### [Records for the exercise]
-- Opening Marker --

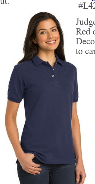
Port Authority Heavyweight Cotton Pique Polo #L420 Ladies / #K420 Mens

Judgement Farm color choice: True Navy Decoration: chest logo must add to cart at checkout.
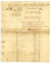
Certification of Indian deed to David Prym, 1766 (NYSA_A0272-78_V21_p165_s2)
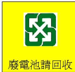
Figure 1-1 Taiwan Battery Warning

The Taiwan EPA requires dry battery manufacturing or importing firms in accordance with Article 15 of the Waste Disposal Act are required to indicate the recovery marks on the batteries used in sales, giveaway or promotion. Contact a qualified Taiwanese recycler for proper battery disposal.
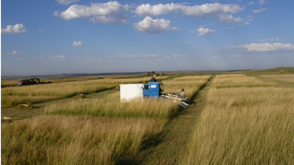
Harvesting perennial grasses plots in fall 2007, Streeter, ND.
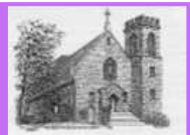
St. Gabriel's Church 78 Shethar St. Hammondsport, NY 14840
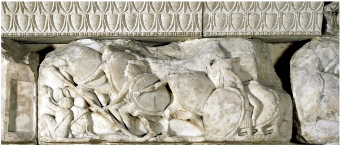
Relief from the Nereid Tomb showing warriors storming a city Lycia, Turkey 390-380 BC
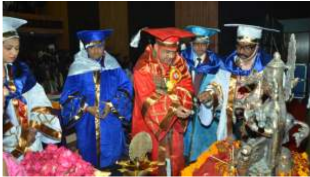
Lightening of the Lamp by dignitaries at 3rd Convocation
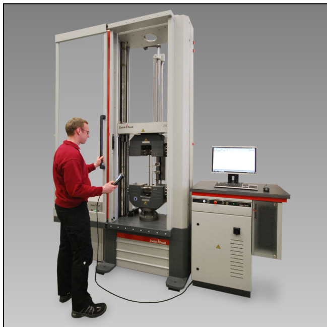
Z400E with hydraulic grips
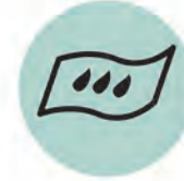
Protective Mattress Cover
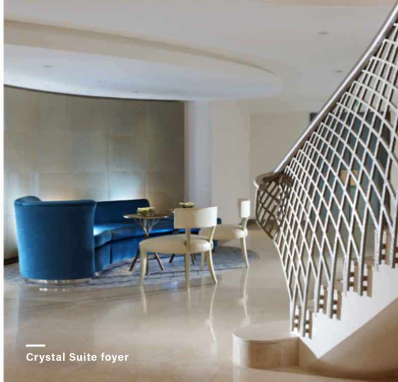
Crystal Suite foyer
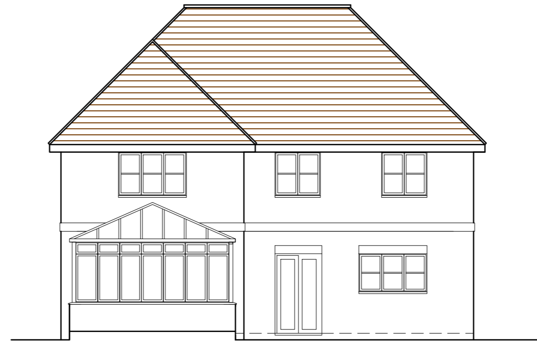
REAR ELEVATION SHOWING CONSERVATORY
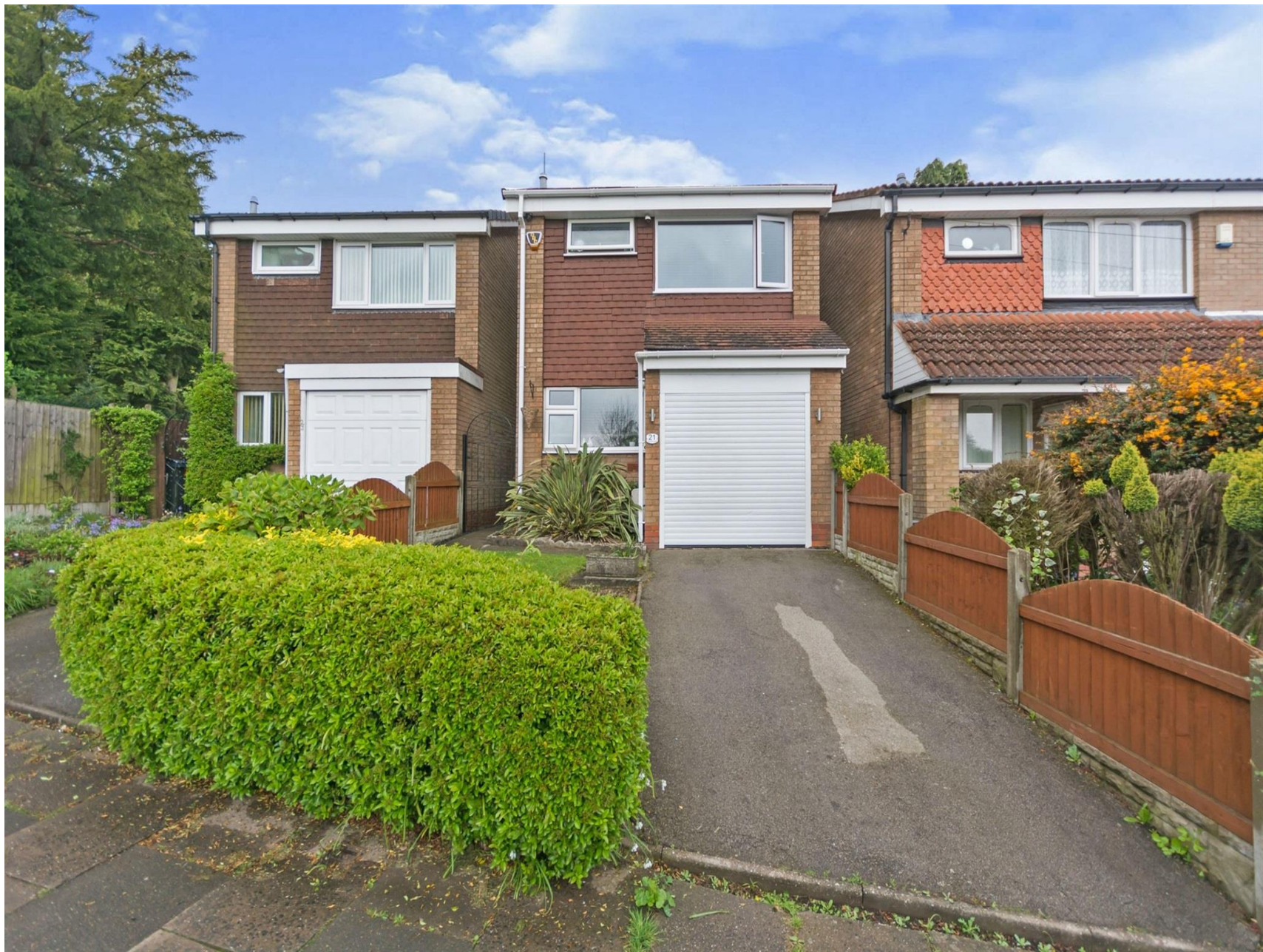
Genners Lane, Bartley Green, Birmingham, B32 3JJ
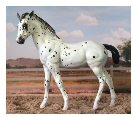
CHAMPION FOAL: NORTHERN LAD (SR)

Draft Foal & Longear/Exotic/ Fantasy Foal: no entries
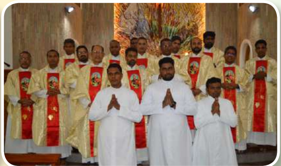
The Seminarians after Having Received the Cassock During the Annual Seminarians Gathering
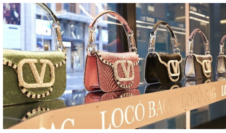
Guests can currently explore the selection on the ground level at Harrods until May 1, 2023.

-- Closing Marker --

Could the lines from the one with "Z400E with hydraulic grips" through the last line of the material above be written out exactly, both included, with pictures left out?

### [Task solution]
Z400E with hydraulic grips
Protective Mattress Cover
Crystal Suite foyer
REAR ELEVATION SHOWING CONSERVATORY
Genners Lane, Bartley Green, Birmingham, B32 3JJ
CHAMPION FOAL: NORTHERN LAD (SR)

Draft Foal & Longear/Exotic/ Fantasy Foal: no entries
The Seminarians after Having Received the Cassock During the Annual Seminarians Gathering
Guests can currently explore the selection on the ground level at Harrods until May 1, 2023.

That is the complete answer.